Coach agile : un navigateur avisé, prudent et volontaire au milieu des courants des injonctions contradictoires…

  • Le 2 octobre 2018

Article rédigé par : Guillaume DUTEY HARISPE

L’agilité a le vent en poupe : tout le monde cherche “son” agilité comme une réponse à la disruption potentielle de son core-business, comme un remède magique pour accélérer le time-to-market, ou pour conquérir les marchés de demain avant les concurrents. Mais, au-delà des déclarations solennelles des comités exécutifs, des centres agiles qui poussent comme des champignons, des trains qui se lancent à pleine vitesse… force est de reconnaître que le business-as-usual (process, command&control, P&L…) garde aussi souvent ses droits. Alors, si dans le mot  “transformation” il y a l’idée de voyage, il se peut que ce voyage vers la terre agile— sorte de Nouveau Monde— passe part des zones où les courants soient contraires et où les récifs affleurent. 

 

 

Un rôle d’instigateur du changement dans cette traversée

Cette dynamique soudaine de nombreuses grandes organisations à souhaiter se “transformer” vers et grâce à l’agilité est assez enthousiasmante. Elle s’ancre dans le constat des limites du command&control, surtout dans des métiers intellectuels où l’insécurité envers les personnes, le premier effet est de paralyser leurs fonctions cognitives.
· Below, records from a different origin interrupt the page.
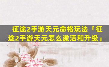 征途2手游天元命 🦅 格玩 🐱 法介绍
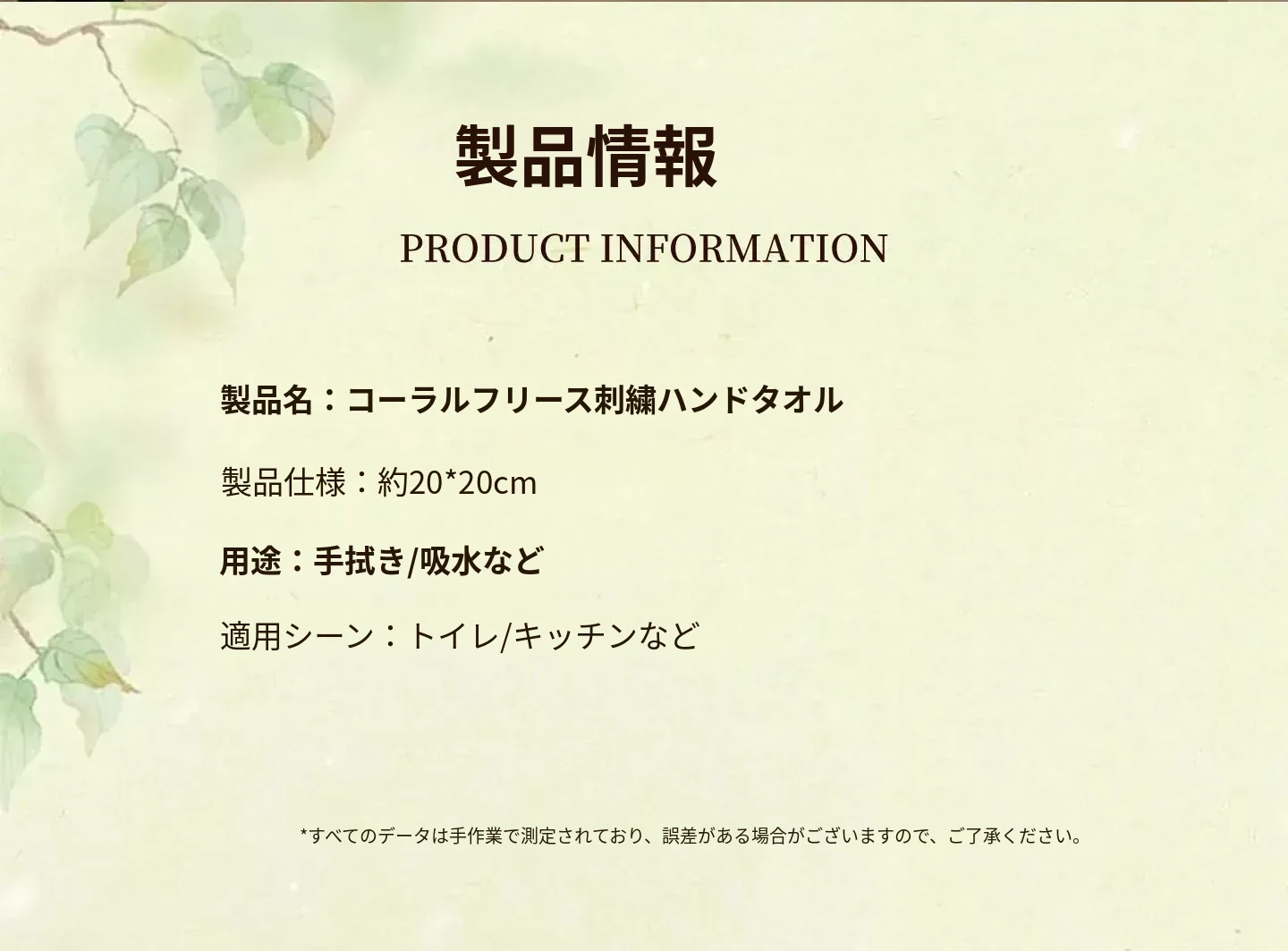 福来の珊瑚フリース刺繍ハンドタオル20*20cm
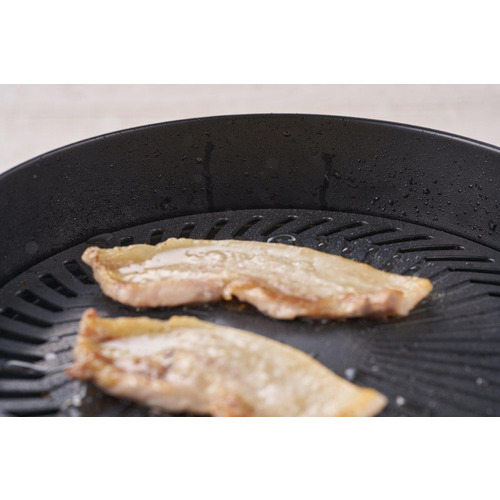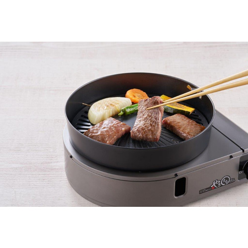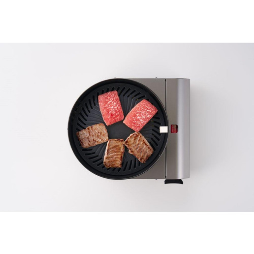 プレートの焼面温度を210〜250度に保 つことで、肉の脂が煙化することを抑制し ます。さらに炎に脂が当たらない構造なの で、焼肉中の煙の発生を抑制することが できる焼肉専用器です。
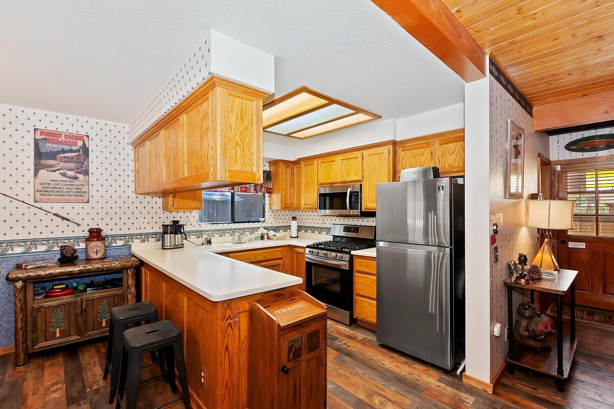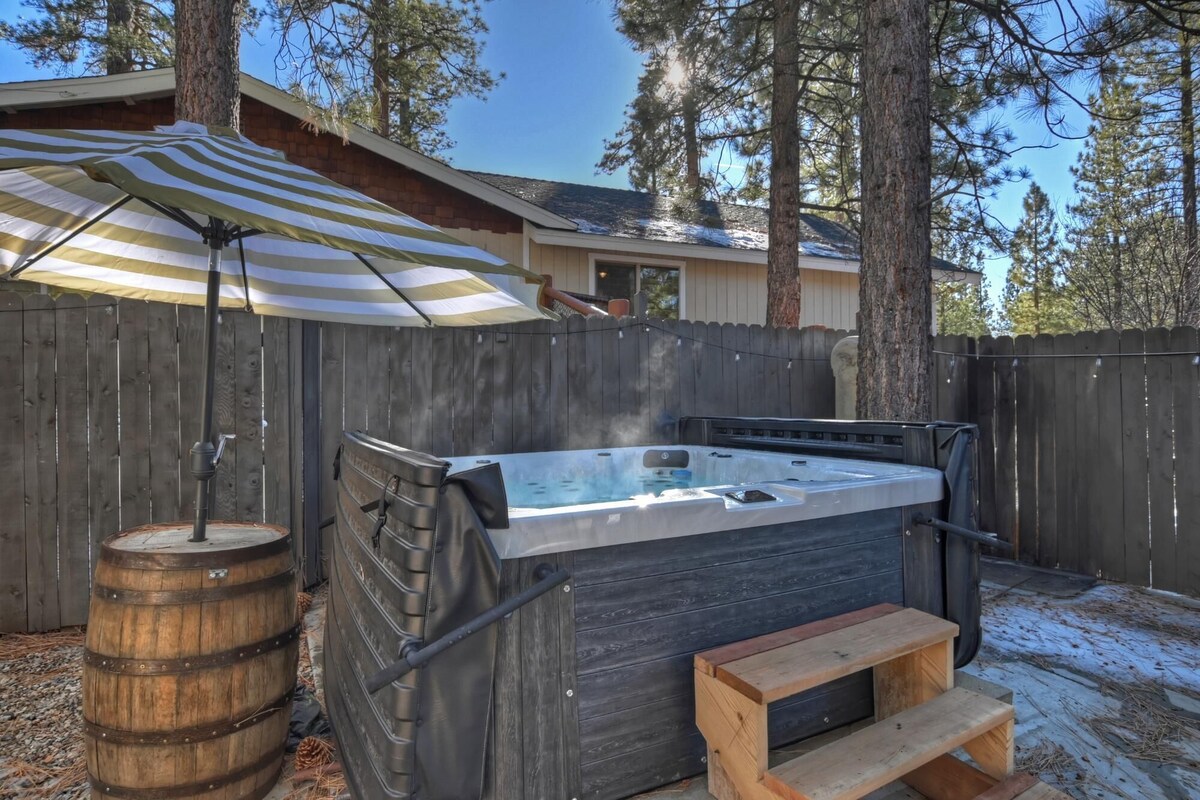 Welcome to Relaxation Flats, a charming cabin nestled on a spacious corner lot in the peaceful Fox Farm neighborhood of Big Bear. This cozy retreat offers the perfect blend of rustic cabin charm and modern amenities, making it the ideal getaway for families or small groups of friends looking to unwind and explore the beauty of the mountains. ★★ Cabin Highlights ★★ ✓ Prime Location: Situated in the serene Fox Farm neighborhood, Relaxation Flats is just a short distance from the Stanfield Cutoff bike path and local amenities, providing a peaceful escape with convenient access to Big Bear's attractions. ✓ Outdoor Space: Enjoy a large corner lot with a flat driveway, plus a back deck featuring a pellet grill/smoker and propane BBQ, perfect for cooking and dining al fresco. ✓ Comfort & Relaxation: The cabin is equipped with a wood-burning fireplace and a hot tub, ideal for relaxing after a day of outdoor adventures. Evening ambiance is enhanced with string lights, creating a cozy atmosphere. ★★ Main Living Areas ★★ Step inside Relaxation Flats and you’ll be greeted by an inviting, open floor plan with true cabin accents. The spacious living room, dining area, and kitchen flow together seamlessly, providing a perfect space to gather with family and friends. ✓ Living Room: Relax on the comfortable couch, loveseat, and lounge chair, all centered around a wood-burning fireplace and a large flat-screen Smart TV with sound bar for entertainment. (Guests are asked to bring their own wood.) ✓ Dining Area: A cozy nook with large windows allows natural light to flood the room. The dining table comfortably seats six, while the bar top is great for casual meals or appetizers. ★★ Kitchen & Dining ★★ The fully equipped kitchen features stainless steel appliances, a coffee maker, and everything you need to prepare meals during your stay. A bar top separates the kitchen from the dining area, making it easy to serve meals and socialize at the same time. ✓ Kitchen: Includes stainless steel appliances, a coffee maker, and ample counter space for preparing your favorite meals. ✓ Dining Area: A table with seating for six is surrounded by windows that offer a beautiful view of the outdoors. ★★ Sleeping Arrangements ★★ Relaxation Flats offers two well-appointed bedrooms and a full bathroom. Ideal for small families or groups, the sleeping arrangements provide comfort and privacy for all guests. ✓ Bedroom 1 (Upstairs Loft): This cozy space includes a Full-over-Queen bunk bed and an additional Queen bed. The room also features a Smart TV and closet for your storage needs. ✓ Bedroom 2: This room offers a Queen bed, solid pine furniture, and lake-themed decor. A Samsung flat-screen TV is also included for your entertainment. ✓ Bathrooms: A full bathroom with a shower/tub combo is located upstairs, and the lower level includes a washer/dryer combo and access to the back deck. ★★ Outdoor Features ★★ Enjoy the serene outdoors with a spacious front yard and back deck that’s perfect for relaxing and entertaining. ✓ Back Deck: The deck is equipped with a built-in pellet grill/smoker, propane BBQ, and string lights, providing a perfect setting for evening meals or relaxation. The hot tub on the deck offers a great spot for stargazing and unwinding after a day of adventure. ✓ Front Yard: The large corner lot features natural landscaping, providing a peaceful, scenic setting for your stay. ★★ Additional Features ★★ ✓ Amenities: This cabin includes a wood-burning fireplace, Smart TVs, stainless steel appliances, a washer/dryer, and all necessary linens and towels. ✓ Note: Exterior security cameras are in place for property monitoring and policy enforcement. Guests are responsible for bringing their own firewood. Relaxation Flats offers a perfect mountain retreat where you can escape the hustle and bustle of everyday life and unwind in a tranquil, cozy cabin. Book your stay today and experience the ultimate relaxation in Big Bear! 2024-2566 Important: Dear Traveler, you will be charged with USD 200 in case you include a Pet in your reservation as a Refundable Damage Deposit for Pets. Our prices include all fees. No hidden fees.

Les organisations sont désormais à la recherche d’un nouveau paradigme de management qui privilégie la concertation et la création de valeur au bénéfice du client en utilisant l’intelligence collective et l’amélioration continue.

 

  • Dans les systèmes complexes, des volontés manifestes de transformation

Ce mouvement est touchant, car il semble souvent profond et sincère de la part de personnes qui, à tous les «étages» du management des organisations, souhaitent sa venue et œuvrent en conséquence.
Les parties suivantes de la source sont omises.